Кроме первых заглавных слов Вова ничего больше в этой песне не понимал - она пелась, кажется, на португальском и наверняка о чем-то грустном. "Утро карнавала" - все кончилось, отмелькали задницы самбисток, кто-то от кого-то ушел, кто-то пришел, кого-то вообще уже нет...

- Знаешь, хорошо, что ты меня тогда в туалет потащил.
- Что, правда, что ли?
- Угу... Я расслабилась.
- Серьезно? Ты ж вроде бы...
- Молчи... молчи. Я люблю тебя. Сегодня.

И он молчал всю дорогу домой, и думал за нее, что она скажет Денису, и вышел из машины, только не провожал, как и просила. После поехал назад. И ничего не было - никакого праздника, однако остались сдутые шары, флажки, колокольчики, дуделки - мусор. А музыка его вымывала, тихо так, печально, даже отстраненно. Мусор, мусор, мусор, утренний, вечерний... Ты-то нам безразличен - уже все равно - карнавала жалко.

Той ночью явилась высоченная, огромная лаврская колокольня - грозная, как Страшный Суд, до половины вся в красном тумане, как будто сзади, где-то за стенкой пара, горели обрывы и деревья на них, и дома, и соборы - спереди же спокойно кипел Днепр трогая белыми клубами второй ярус. Туда, к чистому золотому куполу, из огня летело кричащее бело-красное пятно. Кричащее так, что Владимир проснулся - было пол-пятого утра.


Лизе становилось все хуже.

"Шлюха, дрянь, мерзавка! Ну как она могла, как? С этим... он же сидел! Он сидел же, он вор! Господи, как? Зачем она вообще развелась, Боже, скажи, зачем же она вообще тогда развелась, Господи, заче-е-ем?!."

Лиза не знала, как будет смотреть в глаза дочери, внуку, вообще всем людям. Не знала, думала, и лишь курила "одну от другой".

"Обещала мне, что жизнь наладится. Вот, мол, мужик появился, хороший такой и ей с ним неплохо, а тут нате. Господи..."

Отопление чего-то отключили - зябнущая Елизавета Николаевна легла в кровать, еще раз затянулась, и отхлебнула "рябинушки". Жизнь, однако, не наладилась, лишь цвета ее стали смещаться друг к другу, в одну точку. Серую.


На квартиру ехалось как-то облегченно-странно. Вроде бы все: куплено, договорено, подписано - чин-чинарем. О вывозе мусора договорился - коммунальное хозяйство поможет. А там и ремонт. Здравствуй свое жилье - мечта поэта. Хороший район и минутка до метро. Кстати, в этом самом метро почему-то прицепилась мелодия - "К Элизе" Бетховена. Как вошел в вагон - все вертится и вертится, до дому дошел - тоже.

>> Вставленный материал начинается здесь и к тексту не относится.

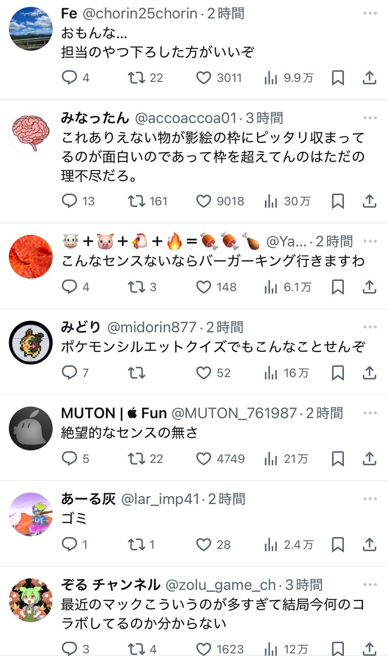 【悲報】マクドナルドさん、シルエットクイズを出すもリプ欄の人たちブチギレで炎上
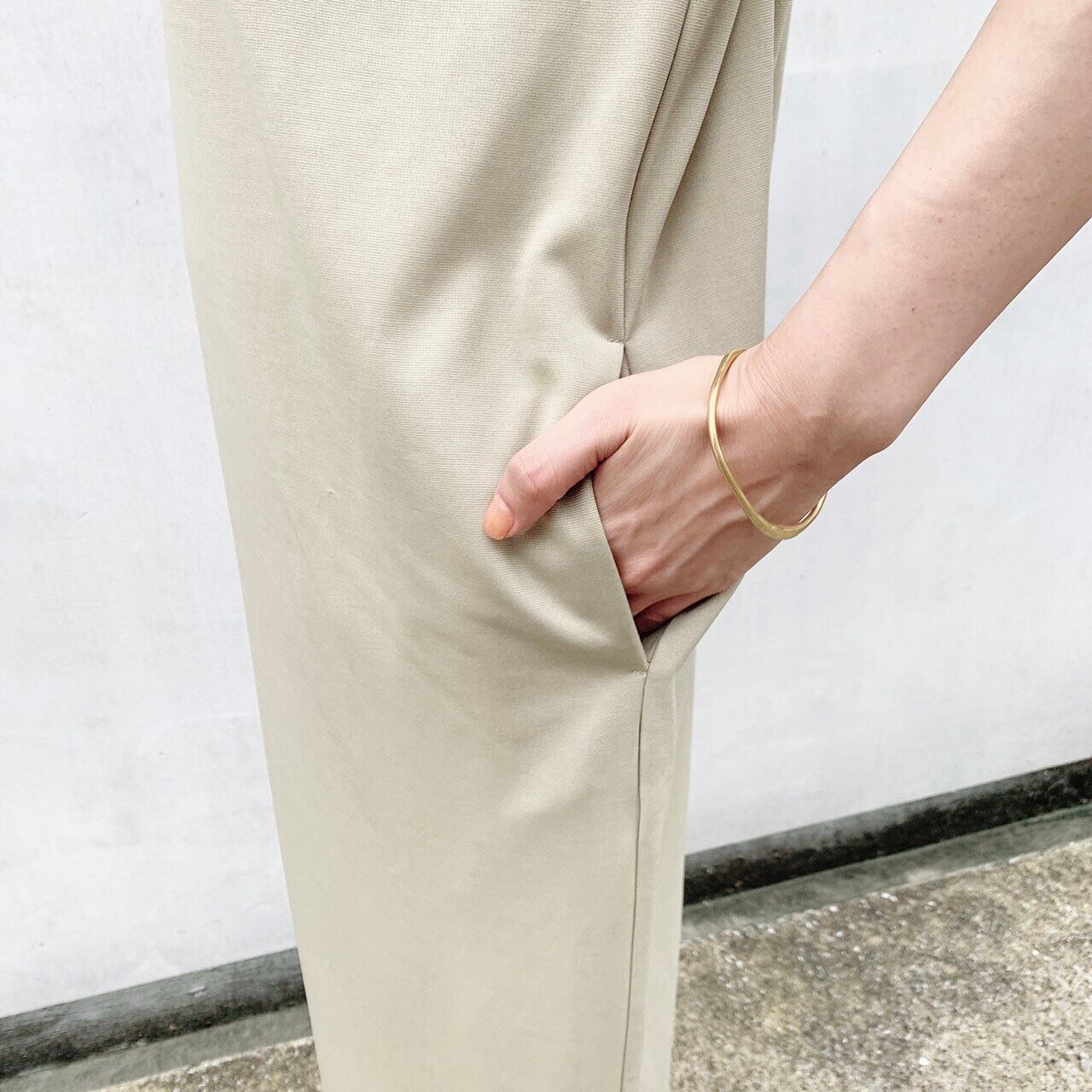 ストレートのシルエットと丈の長さで縦長効果を感じます。

"Парарарарарарарарам, парарарам, парарарам... парарарарарарарарам, парарам, парарарам... пара..."

- Ну, что Владимир, работы у вас много-о-о тут будет - непочатый край.
- Да уж, как-нибудь... разберемся.
- Угу... Вон обгорело как, и здесь и еще там, а тут! ого-го! Это ж они недотушили тогда, а то б еще все целое осталось.
- Вот тебе и утюги забывать.

Главный инженер жэка, невысокая живенькая толстушка лет сорока, посмотрела в черный прямоугольник на полу и пробормотала:

- ... какие утюги? А! Утюги... Вот, смотри, здесь же она и сгорела.
- Кто?
- Ну мать ее. Хозяйкина. Видишь, от кровати аж до цемента...
- Какая мать? Ирины?
- Ее. Сама тут жила, уже как муж умер. Мы только остатки и нашли, даже узнать было нельзя.


Он шел, спотыкаясь, на работу, считал плитки на тротуаре, смотрел на небо, потом, уже в вагоне, молчал, не слышал названий остановок и извинений наступивших на ногу, а Бетховен не переставал, давил, давил, давил...

- Что, купил хату? - поинтересовалась Оксана, внося кофе. - Бери, не отказывайся - недавно новый, колумбийский, нашла. Хорошая арабика - ниче не скажешь. Я это, знаешь, робусту не очень люблю, если подмешивают - сразу чувствуется, но тут такой аромат!.. И как там квартира? Ремонта много?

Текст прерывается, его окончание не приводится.